> **Materials provided**:
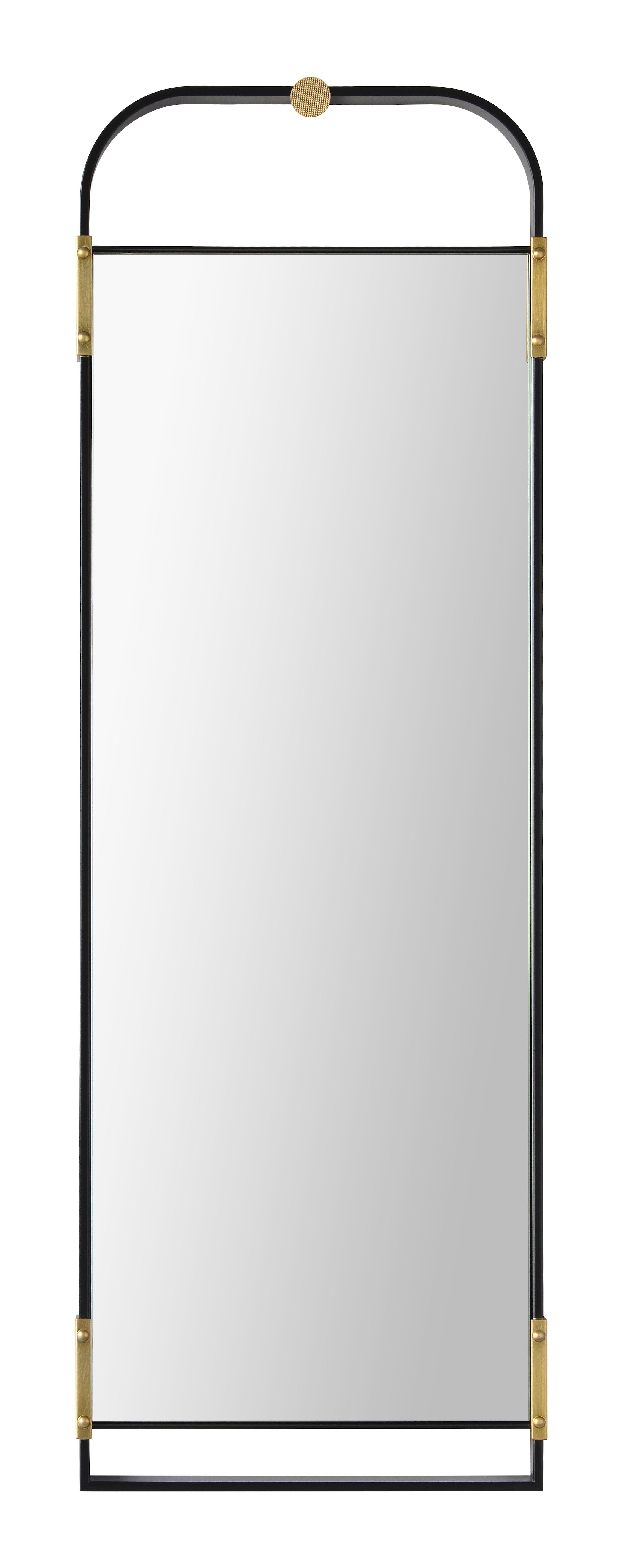 Full Length Mirror in blackened iron frame with burnished brass accents and decorative hook
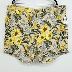 Old Navy Tan Linen Blend Tropical Floral Print Mid Rise Everyday Shorts NEW
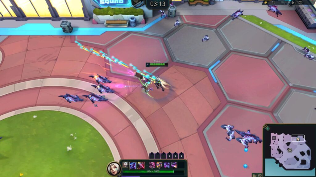 롤이랑 똑같습니다. 집중포화 모드에서도 스킬 쿨타임을 계산해서 사용하시는 게 좋습니다. 쿨타임이 짧아 자주 쓸 수 있는 스킬, 예를 들어 징크스의 ‘E’ 스킬 같은 경우에는 자주 써주도록 하고, R키처럼 쿨타임이 긴 경우는 미니 보스나 플레이어를 위태롭게 하는 유닛들이 많을 때 써주도록 합니다.
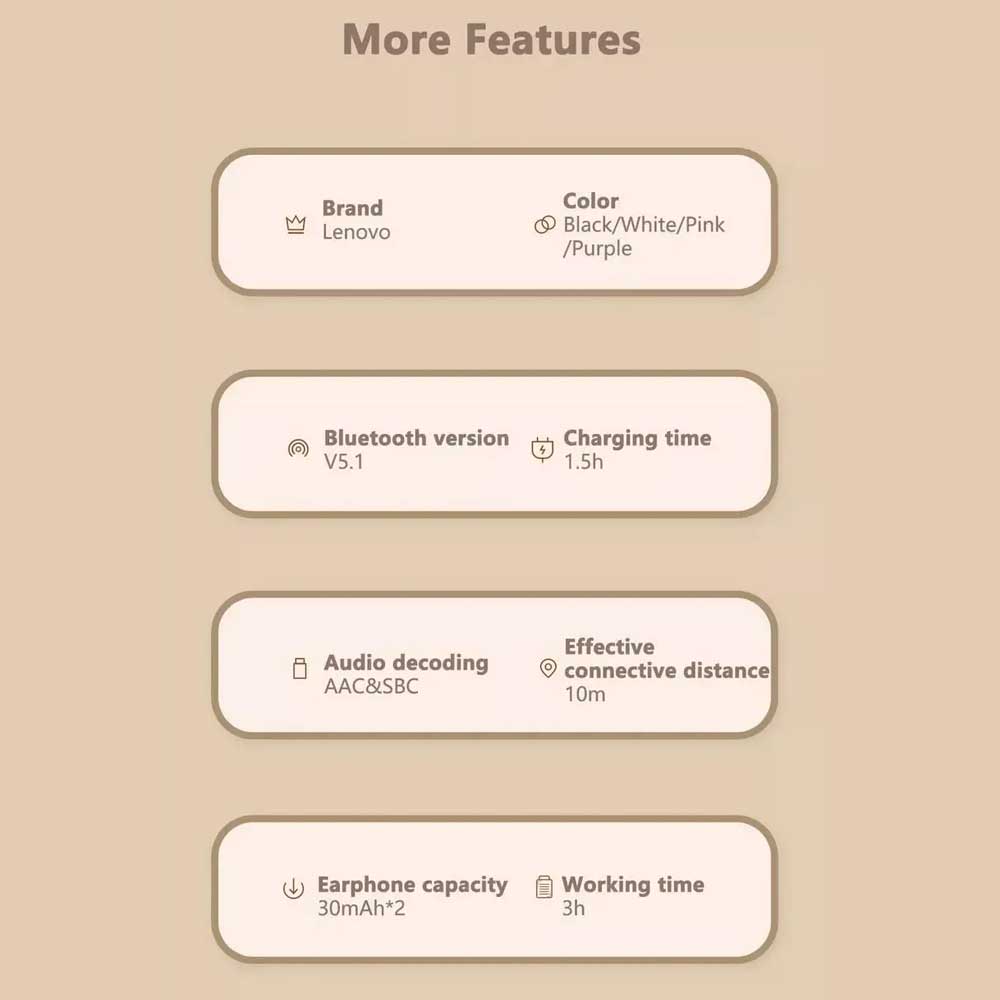 - Lenovo thinkplus X15 Pro Bluetooth 5.1 Wireless Headphones ANC Noise Cancelling AAC SBC Headphones Touch Earbuds with Microphone.
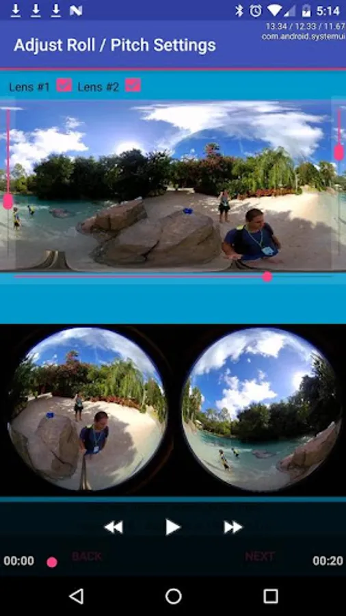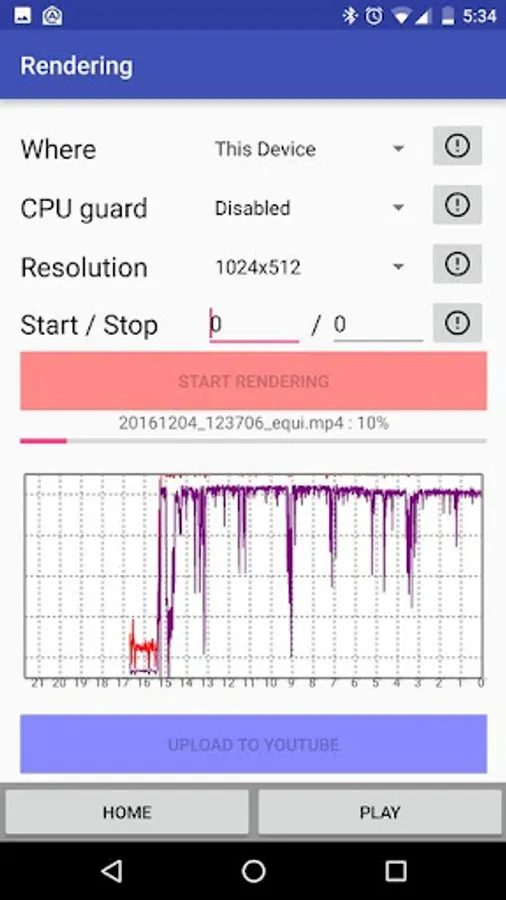Once you configure the Yaw, Roll, and Pitch of the recorded video you can start the rendering process either on your Android device itself, on your Home PC ( Additional application needs to be installed ) or in the cloud.

> **Assignment**: Exact reproduction is required for the lines from the one containing "Old Navy Tan" through the end of the material, and for those lines only, without pictures.

> **Your solution**:
 Old Navy Tan Linen Blend Tropical Floral Print Mid Rise Everyday Shorts NEW
 롤이랑 똑같습니다. 집중포화 모드에서도 스킬 쿨타임을 계산해서 사용하시는 게 좋습니다. 쿨타임이 짧아 자주 쓸 수 있는 스킬, 예를 들어 징크스의 ‘E’ 스킬 같은 경우에는 자주 써주도록 하고, R키처럼 쿨타임이 긴 경우는 미니 보스나 플레이어를 위태롭게 하는 유닛들이 많을 때 써주도록 합니다.
 - Lenovo thinkplus X15 Pro Bluetooth 5.1 Wireless Headphones ANC Noise Cancelling AAC SBC Headphones Touch Earbuds with Microphone.
Once you configure the Yaw, Roll, and Pitch of the recorded video you can start the rendering process either on your Android device itself, on your Home PC ( Additional application needs to be installed ) or in the cloud.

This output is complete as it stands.